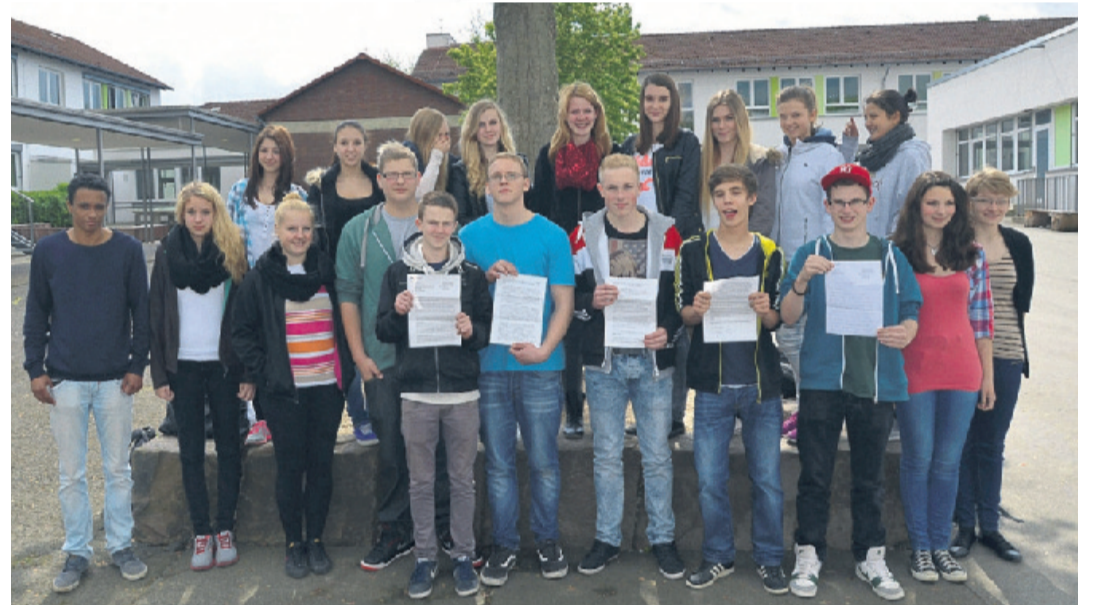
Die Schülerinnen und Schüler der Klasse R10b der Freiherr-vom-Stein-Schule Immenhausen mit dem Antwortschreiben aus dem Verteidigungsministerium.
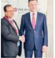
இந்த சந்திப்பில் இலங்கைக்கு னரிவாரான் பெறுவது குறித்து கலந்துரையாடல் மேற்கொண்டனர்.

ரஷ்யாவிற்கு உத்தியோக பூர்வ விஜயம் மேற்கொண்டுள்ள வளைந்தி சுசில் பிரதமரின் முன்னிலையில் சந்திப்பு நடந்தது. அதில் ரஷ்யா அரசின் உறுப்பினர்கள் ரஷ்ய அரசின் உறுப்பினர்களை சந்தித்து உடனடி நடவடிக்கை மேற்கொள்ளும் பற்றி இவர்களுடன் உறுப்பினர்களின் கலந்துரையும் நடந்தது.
* * * * * * * * *
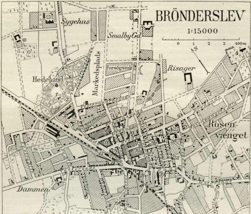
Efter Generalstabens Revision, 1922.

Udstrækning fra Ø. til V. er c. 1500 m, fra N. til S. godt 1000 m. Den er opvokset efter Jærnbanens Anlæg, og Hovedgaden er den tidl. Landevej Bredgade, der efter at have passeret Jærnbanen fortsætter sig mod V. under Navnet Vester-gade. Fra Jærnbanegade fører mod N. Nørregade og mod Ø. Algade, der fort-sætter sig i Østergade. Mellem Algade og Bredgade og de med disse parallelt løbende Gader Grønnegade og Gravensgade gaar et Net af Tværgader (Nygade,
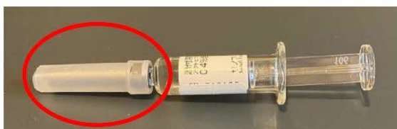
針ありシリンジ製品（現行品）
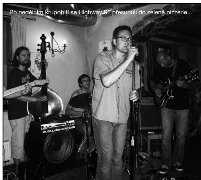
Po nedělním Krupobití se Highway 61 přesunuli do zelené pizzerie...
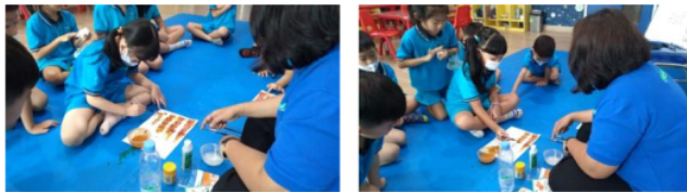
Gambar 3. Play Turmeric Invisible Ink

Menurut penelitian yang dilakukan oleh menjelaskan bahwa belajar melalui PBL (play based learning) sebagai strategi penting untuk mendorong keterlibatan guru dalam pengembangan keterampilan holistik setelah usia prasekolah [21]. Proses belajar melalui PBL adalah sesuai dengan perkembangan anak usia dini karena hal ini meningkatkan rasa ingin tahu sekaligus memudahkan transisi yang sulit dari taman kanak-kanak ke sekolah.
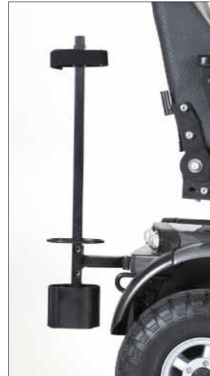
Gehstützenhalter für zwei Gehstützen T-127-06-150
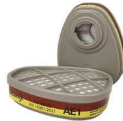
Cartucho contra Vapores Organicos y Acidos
* * * * * * * * *
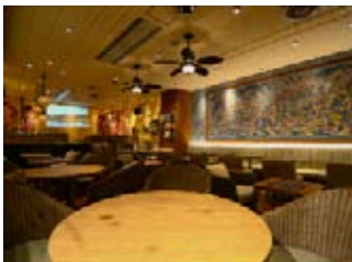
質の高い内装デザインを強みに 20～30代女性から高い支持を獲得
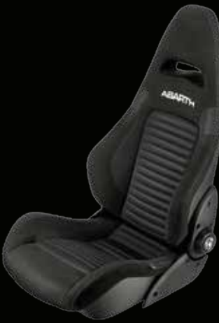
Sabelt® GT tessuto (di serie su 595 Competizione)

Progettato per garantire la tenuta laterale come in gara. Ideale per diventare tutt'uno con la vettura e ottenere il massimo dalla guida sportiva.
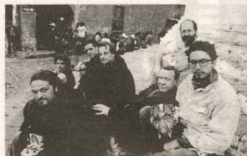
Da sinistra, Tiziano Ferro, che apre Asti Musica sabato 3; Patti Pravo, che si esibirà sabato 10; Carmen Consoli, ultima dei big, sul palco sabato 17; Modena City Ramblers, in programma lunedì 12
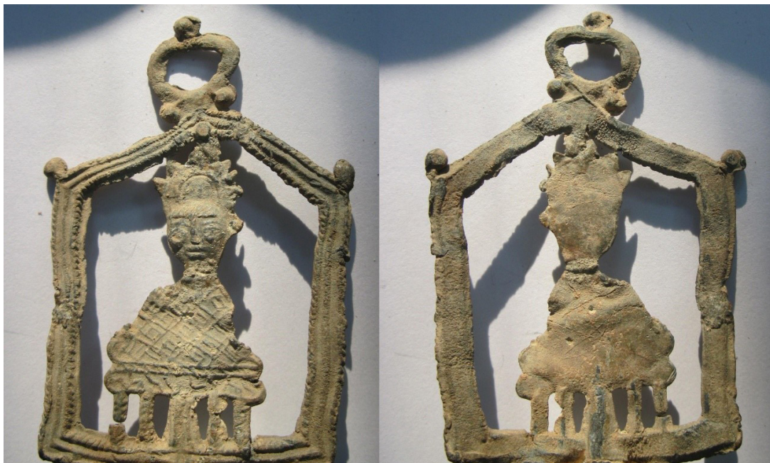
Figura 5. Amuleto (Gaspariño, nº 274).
* * * * * * * * *
| Problem |
Lines wanted from the entries above: the one with "Po nedělním Krupobití", the one with "Gambar 3. Play Turmeric Invisible Ink", and all lines between. Please copy them exactly, without the pictures and without anything else.

| Output below |
Po nedělním Krupobití se Highway 61 přesunuli do zelené pizzerie...
Gambar 3. Play Turmeric Invisible Ink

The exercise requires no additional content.